You are also the author of "Wop! A Documentary History of Anti-Italian Discrimination". Please tell us something more about this
I wrote that in the early 1970s, I think it was published in 1972. The Italian immigrants were considered by the Americans as illiterate, and many of them were; but that was held against them, and they were criticized for going around begging for alms. Another reason for discrimination was the Catholic religion: American Protestants looked upon these newcomers as ignorant. There were other reasons, but the biggest single ongoing reason for discrimination is the issue of crime. Even before Italian immigrants started to come in large numbers, one could read in the most prestigious newspapers and journals about crime in Italy: robbers and bandits became almost a steady diet so by the time they came here the Americans were already thinking about them as criminals. Of course this image continued with the mafia and then with The Godfather.
So, this is something with an ongoing basis for discrimination, and I think it still continues to a degree, not as severe as it used to be, but it's still there: and I think that this was important to record.
Is there a new book are you working on right now?
In the next few months, I have a new book coming out. The title is "The Office of Strategic Services and Italian Americans. The untold story". I explore the significant if not vital role of Italian Americans in the intelligence/spy organization that existed before there was a CIA. The untold story revolves around the OSS, which relied on the participation of many Italian Americans for infiltration purposes. It's quite a story.
Last but not least: what do you think about the severe harsh that day by day seems to grow in America against Christoper Columbus?
I think that it's unfortunate that it's happening. Columbus was perhaps no saint but he was the foremost explorer in over 500 years. He was a man of his times. All European explorers looked down on the American Indians, he wasn't the first one to do this or the last. I think that the Indigenous Americans have latched onto something that emphasizes what their interest is, which is fine: they have not been treated fairly, I think they deserve a better hearing. But that can be done with denigrating another ethnic group.

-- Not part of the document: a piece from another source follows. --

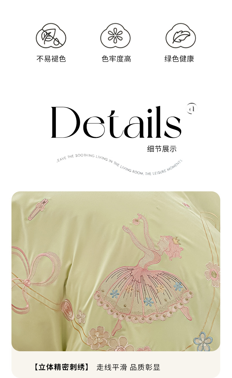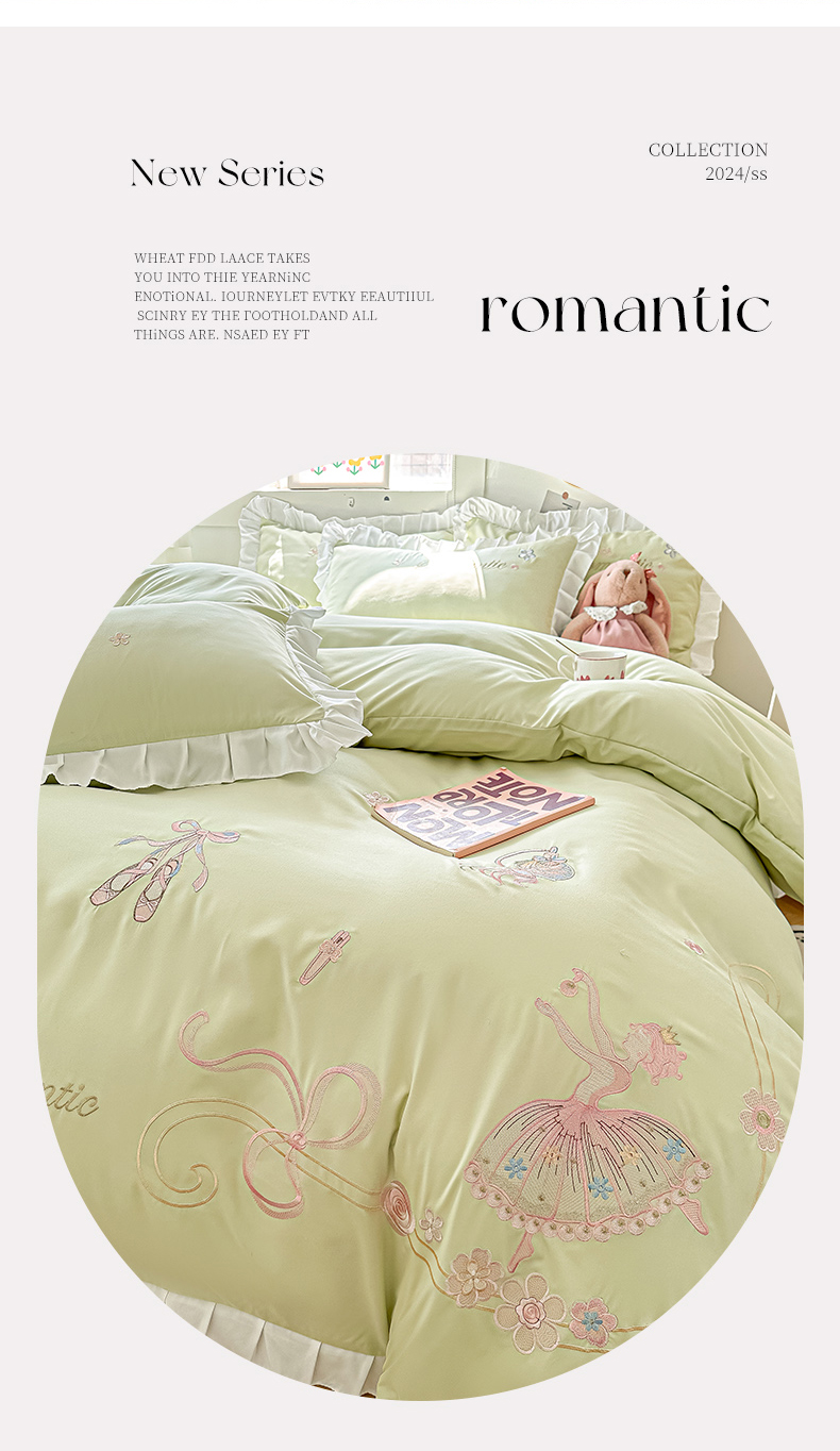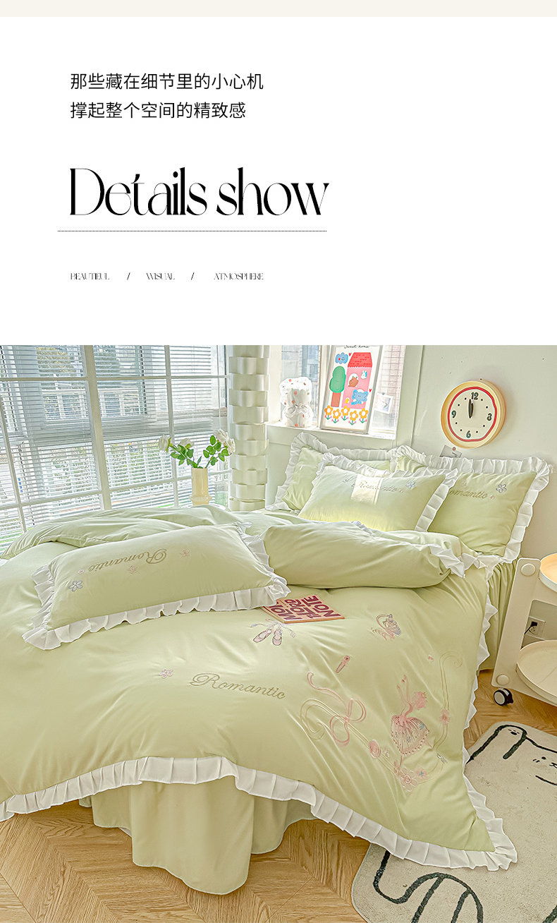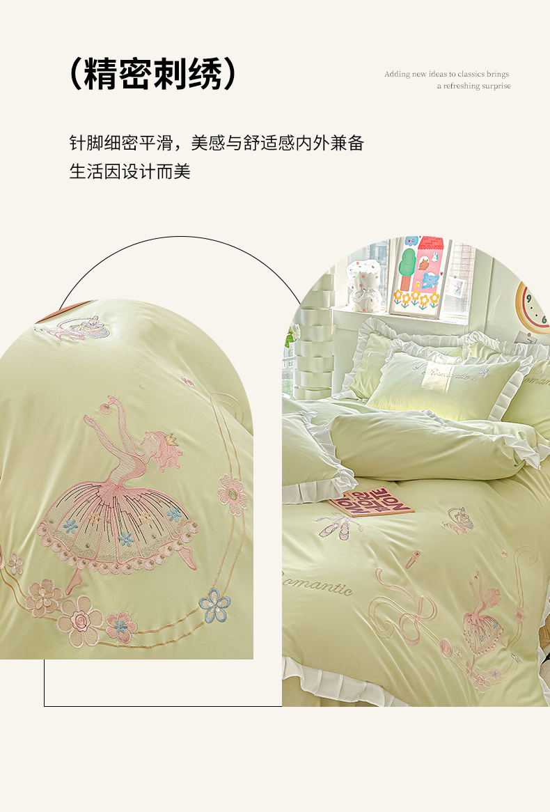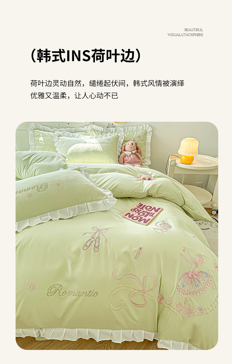 当前位置: 91家纺网 > 商品网购 > 床品套件 > 四件套 > 化纤活性四件套 > 包小包 2024新款芭蕾女孩系列精密刺绣花边韩版四件套四季款爆款(提供买家秀) 芭蕾女孩-奶绿

I have a problem with the way the Native Americans have tried to put all the blame on Columbus: they have a legitimate cause, but that shouldn't be at the expense of other groups - it unleashes bitter feelings. He did what he had to do at that time, he's the effective discoverer of America, and we can't get away from that: that's a historical fact. The people that had come before never made much of a dent, it's almost as if they were never here, the world was different after Columbus.